__WORK REQUIRED__.
Of the entries below, return exactly those lines that fall between the one containing "市内 38 カ所の居場所が紹介された、当日配布の冊子" and the one containing "ワーカー (CSW) 事業の開始、冊子「こだいら居場所ガイドブック」等の情報提供があった。", the two end lines included.

*** Opening AVAILABLE DATA ***

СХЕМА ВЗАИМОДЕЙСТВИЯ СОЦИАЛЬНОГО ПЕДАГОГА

*** Closing AVAILABLE DATA ***
*** Opening AVAILABLE DATA ***

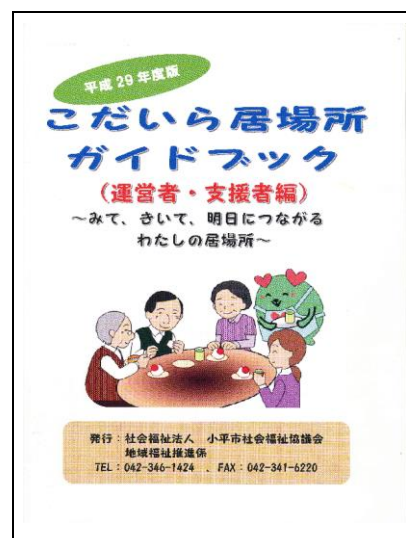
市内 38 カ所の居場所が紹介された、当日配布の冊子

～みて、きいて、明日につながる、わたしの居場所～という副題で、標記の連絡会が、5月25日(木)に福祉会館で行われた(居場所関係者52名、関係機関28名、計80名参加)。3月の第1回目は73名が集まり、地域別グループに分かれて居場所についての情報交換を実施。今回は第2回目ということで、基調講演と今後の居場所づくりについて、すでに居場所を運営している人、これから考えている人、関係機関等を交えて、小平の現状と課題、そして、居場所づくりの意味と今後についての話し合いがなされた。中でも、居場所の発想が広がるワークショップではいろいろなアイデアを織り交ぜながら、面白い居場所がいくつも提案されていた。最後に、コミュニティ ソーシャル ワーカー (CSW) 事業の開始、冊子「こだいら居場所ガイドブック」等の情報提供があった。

*** Closing AVAILABLE DATA ***

__ANSWER TO THE PROBLEM__.
市内 38 カ所の居場所が紹介された、当日配布の冊子

～みて、きいて、明日につながる、わたしの居場所～という副題で、標記の連絡会が、5月25日(木)に福祉会館で行われた(居場所関係者52名、関係機関28名、計80名参加)。3月の第1回目は73名が集まり、地域別グループに分かれて居場所についての情報交換を実施。今回は第2回目ということで、基調講演と今後の居場所づくりについて、すでに居場所を運営している人、これから考えている人、関係機関等を交えて、小平の現状と課題、そして、居場所づくりの意味と今後についての話し合いがなされた。中でも、居場所の発想が広がるワークショップではいろいろなアイデアを織り交ぜながら、面白い居場所がいくつも提案されていた。最後に、コミュニティ ソーシャル ワーカー (CSW) 事業の開始、冊子「こだいら居場所ガイドブック」等の情報提供があった。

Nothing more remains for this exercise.